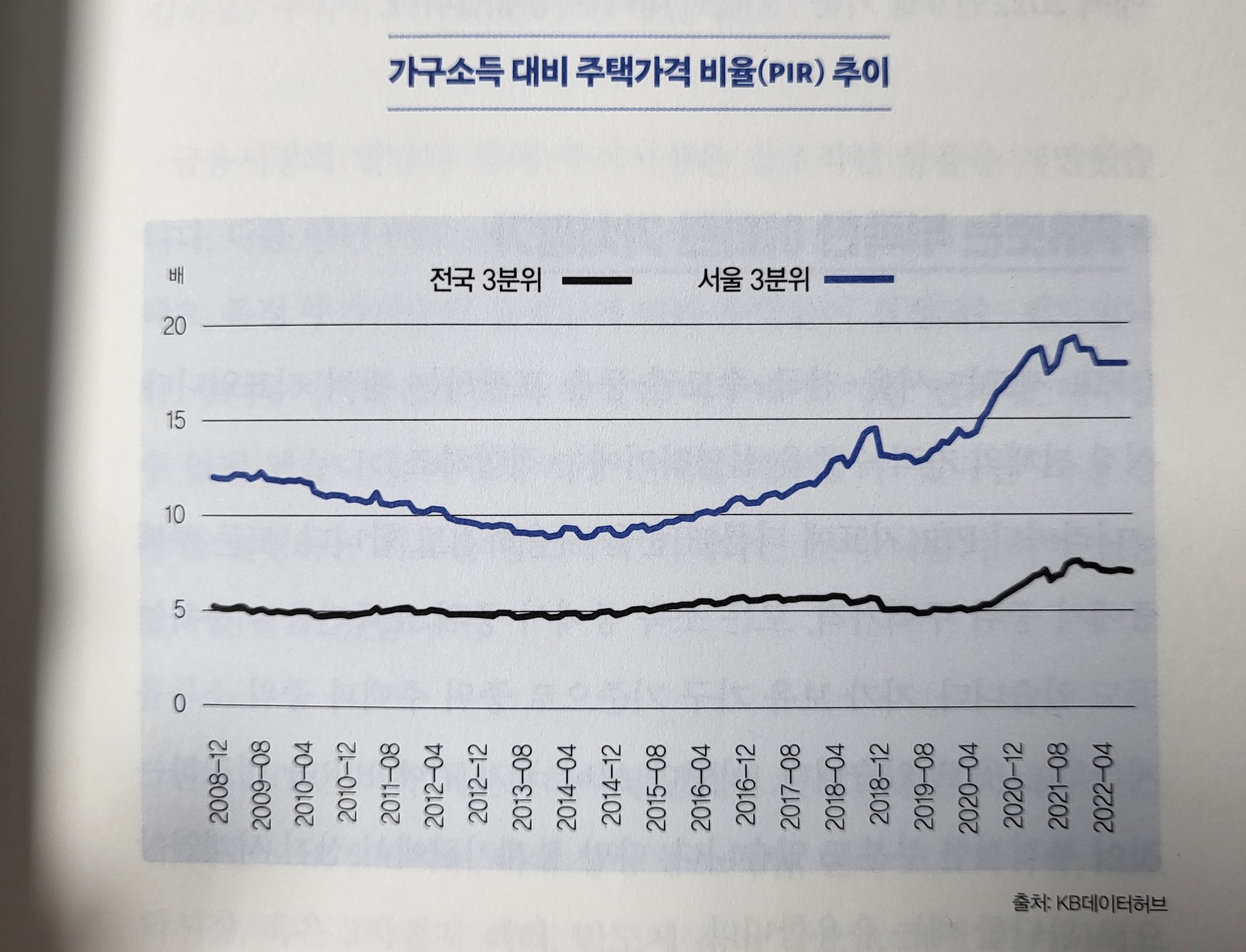 이 PIR 지수는 장기적인 추세로 보면 특정 평균값을 회귀하는 특성이 있다. 서울 평균은 10~12배, 전국 평균은 5~6배를 회귀한다. (2022년 9월 기준, 서울은 17.6배, 전국은 7.1배 수준이므로 아직 고평가 되어있다고 볼 수 있다)
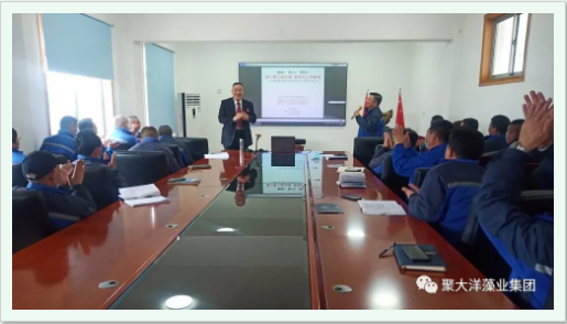 為了我們共同的目標(biāo),必須加強(qiáng)團(tuán)隊(duì)協(xié)作、突出執(zhí)行效能,一個偉大目標(biāo)要靠一個偉大的團(tuán)隊(duì)來完成。李教授還為我們闡述了責(zé)任感問題,責(zé)任感就是激情干事、激情擔(dān)當(dāng)、苦干實(shí)干。同時,現(xiàn)場李教授還帶領(lǐng)大家鄭重宣誓,我承諾:從今天開始,從現(xiàn)在開始,我要對我自己!對青島聚大洋藻業(yè)集團(tuán)公司負(fù)100%的責(zé)任!大家聲音洪亮,發(fā)自肺腑,現(xiàn)場氛圍也達(dá)到了高潮。
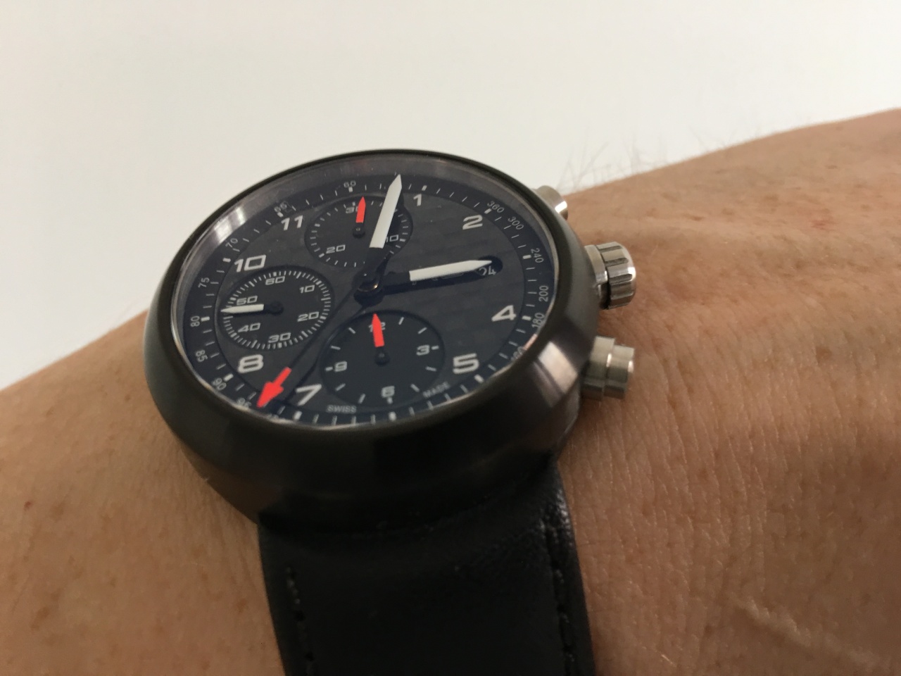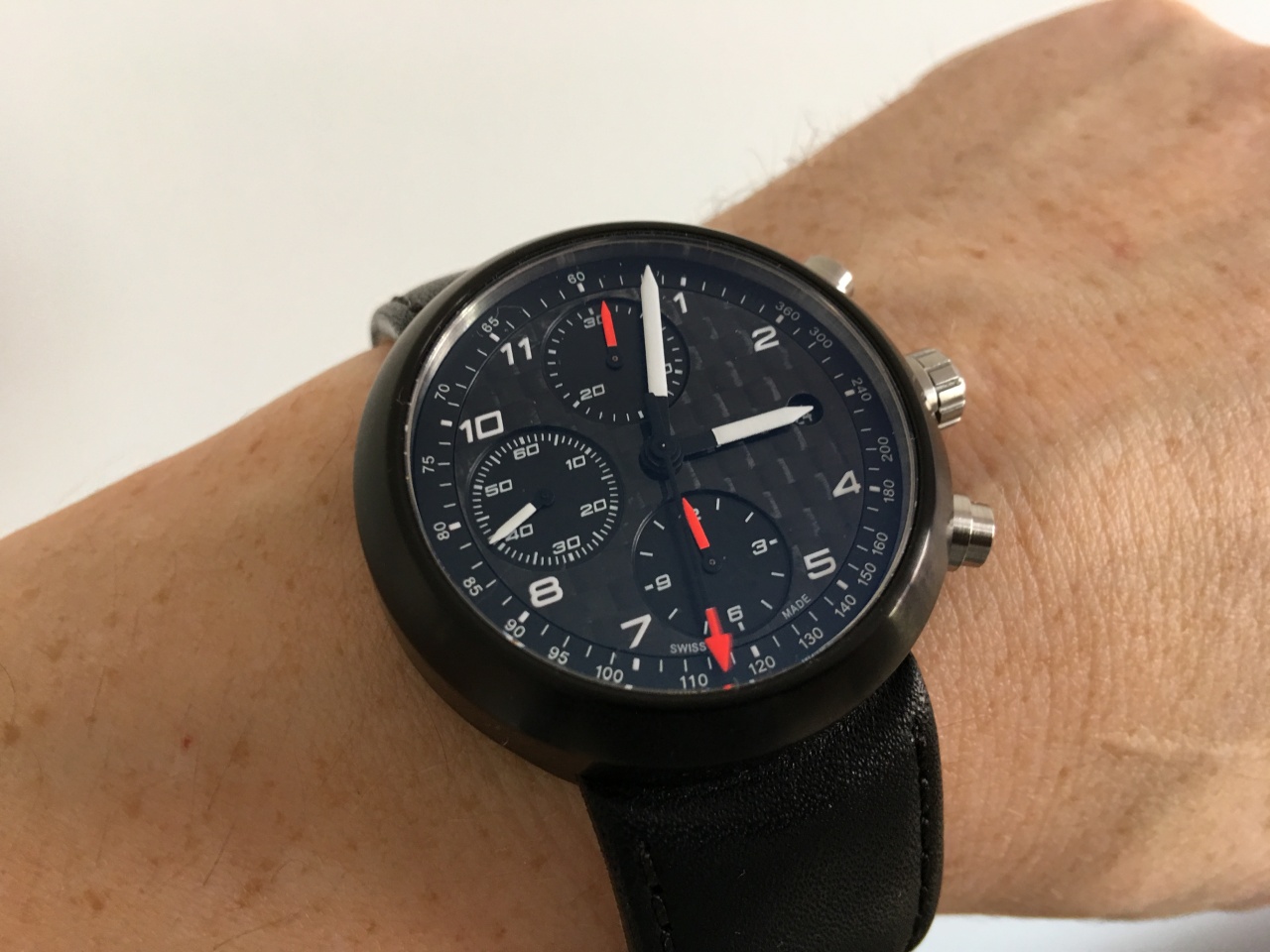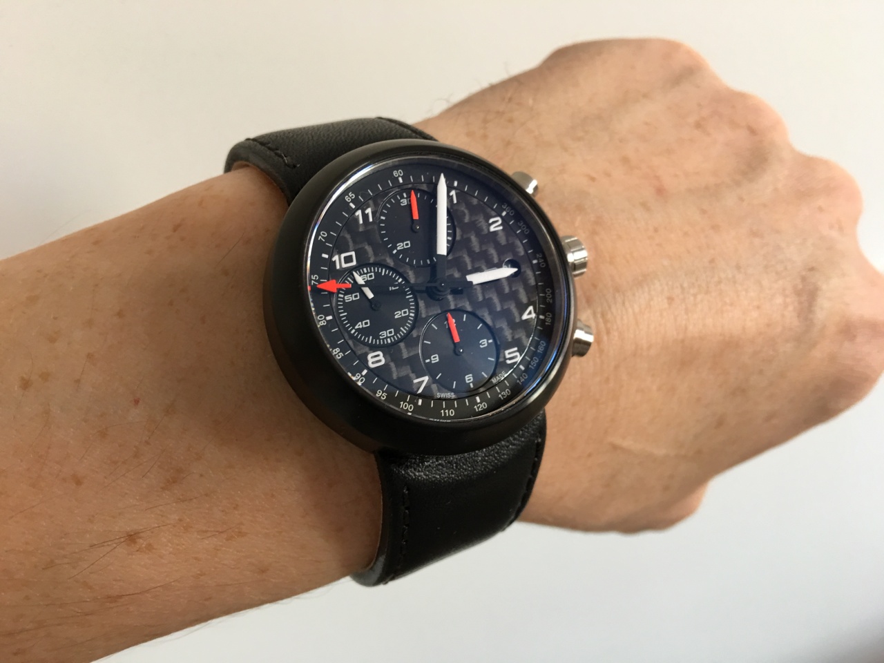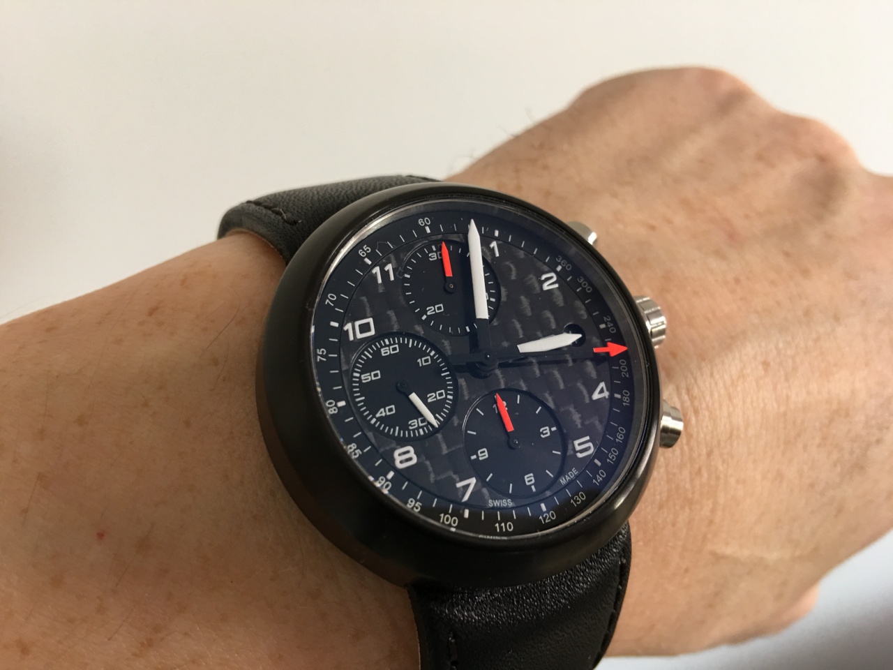 Cходство этого хронографа со спидометром автомобиля R8 не является случайным. Высококачественный корпус изготовлен из черненой благородной стали, а Циферблат — из натурального карбона.
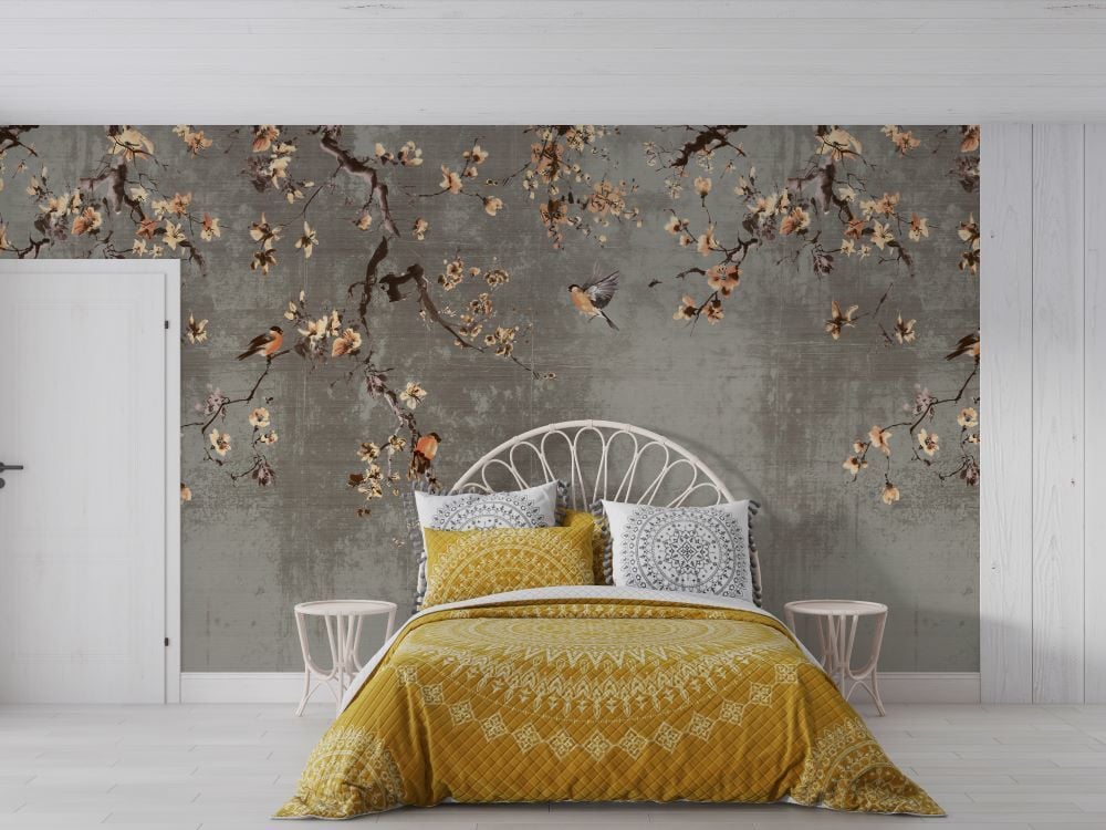 Antrasit Zeminde Serçe Kuşları Sarmaşık Duvar Kağıdı
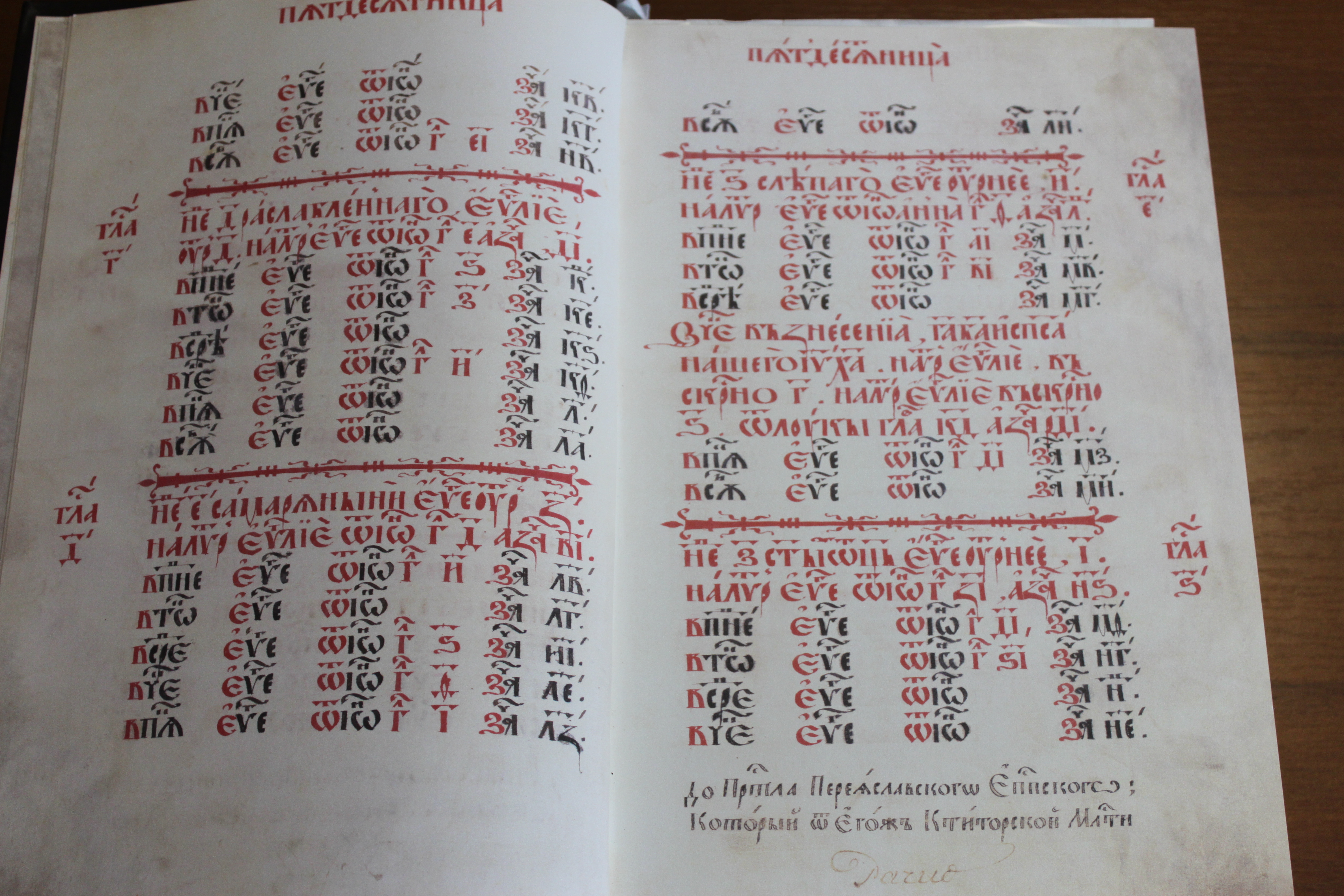 Пересопницьке Євангеліє більшість українців знає за тим, що саме на цій пам’ятці (поруч з Конституцією України та Актом проголошення незалежності України), приступаючи до виконання своїх обов’язків, присягає Президент. Але значення книги насправді є значно вищим і більш символічним. Цим рукописом з унікальними мініатюрами, було започатковано традицію українських перекладів канонічного тексту Четвероєвагнелія. Роботу над цією пам’яткою розпочали 1556 року у Дворецькому монастирі при церкві Святої Трійці (сьогодні Хмельницька область), а завершили 1561 року у Пересопницькому монастирі при церкві Різдва Богородиці (Рівненська область). Євангеліє було написане на пергаменті староукраїнською писемною мовою з церковнословянської болгарської редакції.
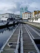The oldest view of the old wharf was characterized in an engraving of the port around 1590, showing the anchorage alongside Monte Brasil. At that time, the ravine that flowed into the bay allowed naval repair, with its access along Rua de São João. Along Rua Direita a fortified passage existed that canalized the ravine's water to the port, where they supported naval ships.
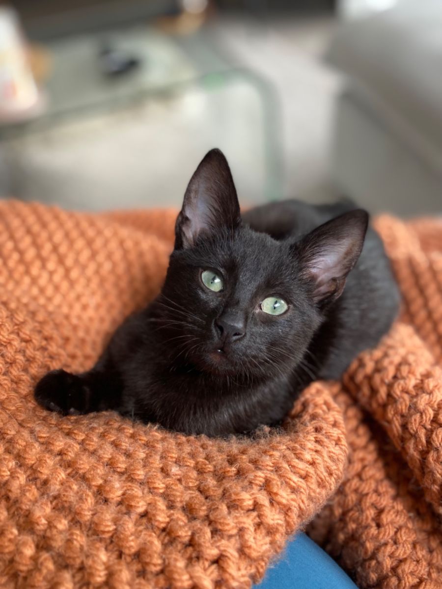 Reef is a 4-month-old black male Domestic Short Hair kitten that absolutely loves to cuddle and snuggle up on your shoulder or chest. He has earned his name Reef as he has a cute white tip at the end of his tail, just like a reef tip shark.

YOUR INSTRUCTIONS:
Give again, exactly, the lines from the start of the data through the one holding "Antrasit Zeminde Serçe"; omit the pictures.

EXERCISE RESULT:
 이 PIR 지수는 장기적인 추세로 보면 특정 평균값을 회귀하는 특성이 있다. 서울 평균은 10~12배, 전국 평균은 5~6배를 회귀한다. (2022년 9월 기준, 서울은 17.6배, 전국은 7.1배 수준이므로 아직 고평가 되어있다고 볼 수 있다)
 為了我們共同的目標(biāo),必須加強(qiáng)團(tuán)隊(duì)協(xié)作、突出執(zhí)行效能,一個偉大目標(biāo)要靠一個偉大的團(tuán)隊(duì)來完成。李教授還為我們闡述了責(zé)任感問題,責(zé)任感就是激情干事、激情擔(dān)當(dāng)、苦干實(shí)干。同時,現(xiàn)場李教授還帶領(lǐng)大家鄭重宣誓,我承諾:從今天開始,從現(xiàn)在開始,我要對我自己!對青島聚大洋藻業(yè)集團(tuán)公司負(fù)100%的責(zé)任!大家聲音洪亮,發(fā)自肺腑,現(xiàn)場氛圍也達(dá)到了高潮。
 Cходство этого хронографа со спидометром автомобиля R8 не является случайным. Высококачественный корпус изготовлен из черненой благородной стали, а Циферблат — из натурального карбона.
 Antrasit Zeminde Serçe Kuşları Sarmaşık Duvar Kağıdı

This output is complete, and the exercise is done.